反正在剧情线里,暴君是不可能因为这一次谢明宸的下毒就死了的。
但是……
许令绒还是没做过这样大的决定,心里头还是有点慌张。
许令绒讨好地对着王多全一笑:“奴婢,奴婢想要见过斜月大人再说,请问可不可以?”
还是先和容斜月商量一二。
王多全神色莫测地看了眼她:“你等等,他在里头,我去问问。”
哇去,容斜月的档次果然是高啊。
王多全出来处事,他在里头贴身伺候暴君。
许令绒在小屋子左顾右盼。
等了好一会儿,王多全嘴角噙着诡异扭曲的笑容,打开了小门:“姑娘,请吧。”
许令绒跟着王多全,亦步亦趋,眼珠子疯狂扫视周围。
这地方肯定有不少任务在。
可惜了系统也不知去哪了,什么有效信息都没有。
她身上脏兮兮的,一步一个脚印,悬镜殿里铺着细密的毛毯,许令绒局促地缩了缩脚,现在这些毛毯上全是黄泥印。
待会儿暴君不会因为这个理由把她拖下去砍了吧?
佛祖保佑,老天爷保佑,三清爷爷保佑,女娲大神保佑。
许令绒在心底胡乱许愿一通。
许令绒入的那座小屋子是和悬镜殿紧紧相连的,拉开门就入了正殿。
撇开那些华丽的装饰不谈,许令绒闻到了空气中浮动着的药香。
很重。
而且很苦。
中药虽然苦,但苦味这般浓重,身处其中都有粘稠的喘不上来气的感觉,想必用药人更不好受。
“陛下歇息了,斜月在另一座偏殿,陛下身边离不开他伺候,你和我来。”王多全带着许令绒穿过重重叠叠的帷幕。
“咳!”
一声苍老的咳嗽声响起,许令绒吓得打了个哆嗦,马上就跪了下去。
王多全:“……”
王多全看了眼她的脑袋,这才道:“太医,您好走。”
洪太医吹胡子瞪眼一般从王多全旁边走过,恨铁不成钢似的看了眼偏殿位置,又看了眼许令绒,最后再狠狠一瞪王多全。
王多全:“……”
王多全无辜地看天看地,这也是没办法。
“王公公,陛下这药每日都得吃,针也是每日都得施,哪怕某些人觉得施针无用也得施!不然恐怕美娇娘没娶上,小命就先丢了!”
许令绒暗戳戳想,这位老太医的嗓门还挺大。
王多全:“……”
方才他只是通报许令绒被抓了过来,陛下就二话不说停止了施针,反正没什么缓解,干脆就算了。

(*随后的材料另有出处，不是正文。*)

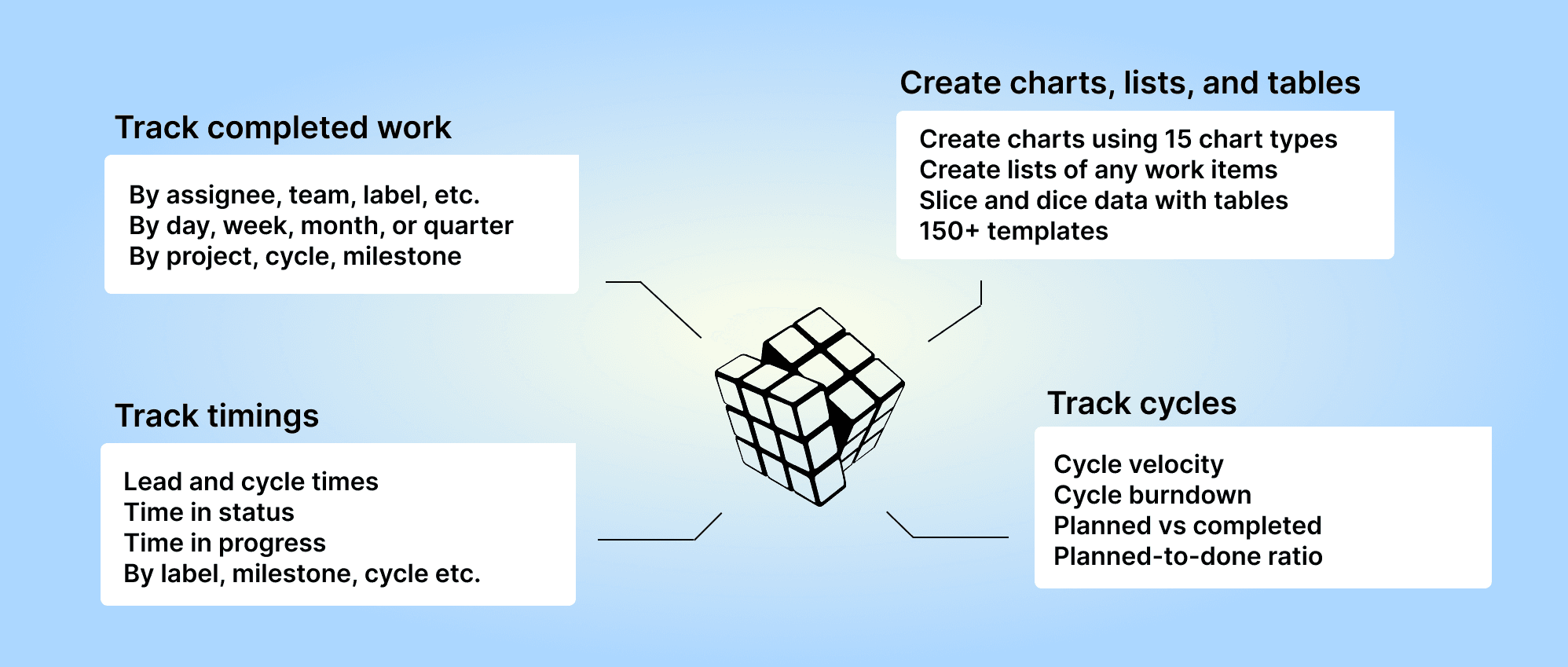 Screenful provides multidimensional analytics of the data in Linear. You can slice & dice your data with 15 different chart types, and click through to drill into details.
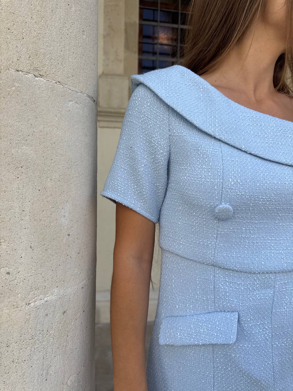The asymmetrical wide neckline ,blue textured dress. The double-breasted bodice with covered buttons, , and midi length hem bring plenty of elegance and subtle femininity.
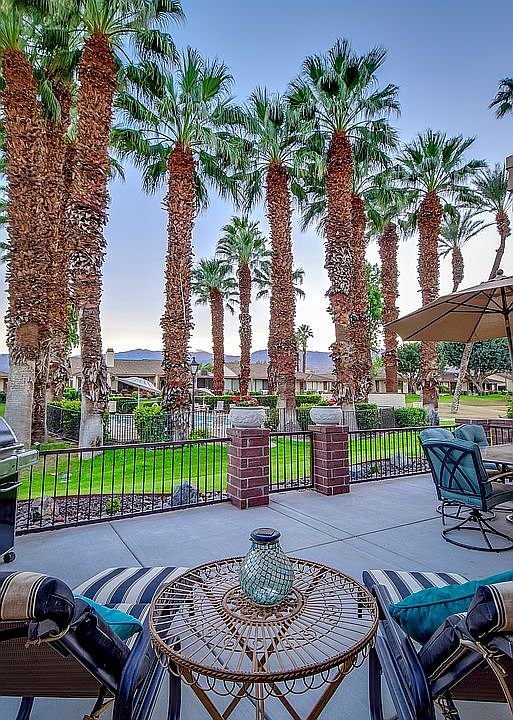 Best location in all of Monterey Country Club with the ONLY South pool directly in backyard facing South! RARE 20 MAX plan! Great location, next to COD, McCallum Theater- close to El Paseo , Westfield Mall and centrally located to Palm Springs & LaQuinta. All new appliances in 2024, new Nest smart home, new Schlage smart home lock, with other smart home features. Extended back patio with Weber propane BBQ, fenced concrete patio and extended private front courtyard with new built in gas BBQ 2015. Upgraded desert landscape front and back yards and removed driveway hump. Due to new California laws coming in the future to remove shrubs to prevent fires, my front courtyard is all concrete and easy to maintain. Added ceiling fans/lights to every room. Added extra ceiling installation where ever it was possible. Also three layers of installation with green board, TYVEK between my condo and shared neighbor wall to my kitchen walls with pictures to document. Custom Remodel “One of a kind “floor plan. Gorgeous, gourmet kitchen! Partially furnished with high end furnishings. It has the tile roof with New double-paned windows and 6 panel doors with Baldwin door handles, new custom quartz slab in kitchen and stunning dining area with built in quartz slab and mini bar! Rare, two separated primary en-suites. Primary bathroom has new Italian glass vessel double sinks, new copper fixtures, new traps with travertine tiled, luxurious spa-like primary and guest bathroom has granite with double sinks and Jack and Jill doors with tub/ shower combo. New “custom design “ kitchen cabinets with pull out drawers and handles. New stunning “ custom designed” coffee bar with quartz counter, storage and lighted top cabinets. The kitchen nook is custom made into sitting bench, new plantation shutters. Rare Santa Barbara Floor plan with 1336 sq ft. New paint outside & inside 2024 smart home features, ring cameras, etc. New fans/lights in every room & back patio. Guard gated Ted Robinson Golf Community. Call/TEXT owner at 310-922-4642 for more details! Your zen condo in paradise!
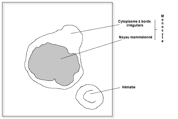 Les monocytes sont les leucocytes les plus volumineux (20 à 25 microns de diamètre. Ils représentent 2 à 10 % des leucocytes.
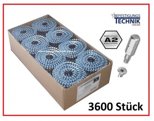 Nagelschrauben wurden für alle herkömmliche pneumatische Streifen- und Coilnagler entwickelt. Sie werden, wie Nägel, mit einem Schlag eingetrieben und lassen sich bei Bedarf mit Hilfe eines Akkuschrauber nachjustieren oder herausschrauben. Dadurch werden Sie gerne bei Vielzahl von Anwendungen verbarbeitet, bei welches schnelles und zerstörungsfreies Entfernung von Holzverbindungen erforderlich ist (z.B. Unterkonstruktionen im Messebau, Schalungen im Bauhandwerk, temporäre Umzäunungen und die unterschiedlichen Holzkisten und -paletten für Verpackungs- und Transportzwecke). Mit Nagelschrauben arbeiten Sie bis zu 8x schneller als mit losen Schrauben oder sogar magazinierten Schrauben, denn die Nagelschrauben lassen sich so schnell wie Nägel verarbeiten. Darüberhinaus haben Sie deutlich bessere Haltekraft als ein Nagel. Verpackungseinheit 3600 Stück
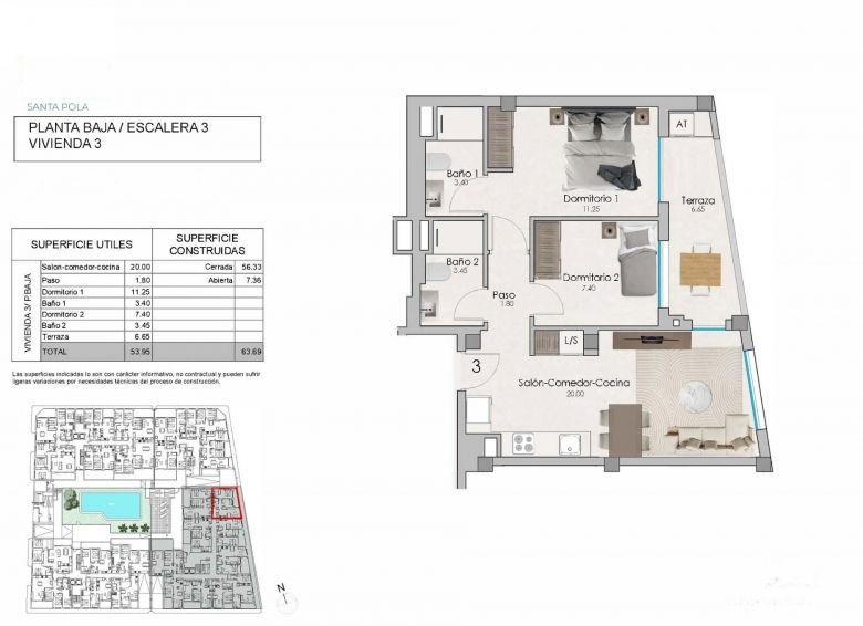MODERNO APARTAMENTO DE PLANTA BAJA DE NUEVA CONSTRUCCIÓN DE 2 DORM. EN SANTA POLAResidencial cerrado de nueva construcción compuesto por viviendas de 1, 2 y 3 dormitorios y 2 baños completos. El complejo cuenta con hermosas y amplias zonas comunes ajardinadas, que incluyen piscina, zona de relax y gimnasio. Esta vivienda consta de 2 dormitorios, 2 baños( uno de ellos en suite), salón-comedor-cocina y terraza. Las viviendas están diseñadas con acabados de alta calidad y un estilo moderno. Disfruta de sus amplias terrazas, donde podrás relajarte, organizar cenas al aire libre y contemplar los atardeceres más espectaculares. Todos los apartamentos incluyen por un coste adicional una plaza de garaje y un trastero.La ubicación es simplemente inmejorable, junto al centro de Santa Pola y el palmeral, y a tan sólo unos minutos del paseo marítimo, cerca de todos los servicios como restaurantes, bares, supermercados, farmacias etc…. Excelente conexión con la carretera nacional 332, que comunica toda la Costa Blanca sur, y con el aeropuerto en tan sólo 15 minutos.No dude en solicitar más información y programe una cita con nosotros.
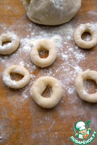 Отрывая небольшие кусочки теста, скатать их в жгутики примерно с мизинец толщиной. Затем скрепить концы жгутика, формируя пончик.

这可把洪太医给气死了,但是陛下的决定旁人也更改不了,只得收拾药箱离开。
哎,这小女子,瞧着也没什么稀奇,怎么陛下为了她什么都不顾了。
难不成她是解药?
王多全打了个马虎眼,没多纠缠,到了一扇门前,他笑着道:“姑娘,请吧。”
许令绒有些不安地推开门。
屋子里很亮堂,布置得很温馨,有一扇小窗,开在侧边,四方桌上摆了一盏莲花灯,容斜月躺在窗前竹榻上,懒洋洋地瞧着他。
“斜月大人!”
许令绒眼泪飙出,直接朝着容斜月飞奔而去。
王多全在后看着,真是一对恩爱的小情侣啊,想不到他这么一大把岁数了,也是能瞧见稀罕事的。
陛下居然也会春心萌动,啧啧啧。
会不会也和其他的少年郎一样,将小姑娘紧紧地抱在怀中,说一些甜蜜的体己话呢?
王多全脑补得正欢呢,就看见许令绒一个滑跪,直接抱住了谢拦鹤的手。
王多全:“……”
他怀疑是因为陛下曲起一条腿躺在榻上的缘故,导致她抱不到腿,只能去抱手了。
许令绒含情脉脉地道:“我终于找到您了!大人!”
王多全这下再傻也能看出来不对了,压根就不是什么小情人吧。
许令绒喊谢拦鹤的语气简直和他谄媚陛下的时候没什么两样啊!
谢拦鹤对许令绒却比对他受用多了:“嗯。”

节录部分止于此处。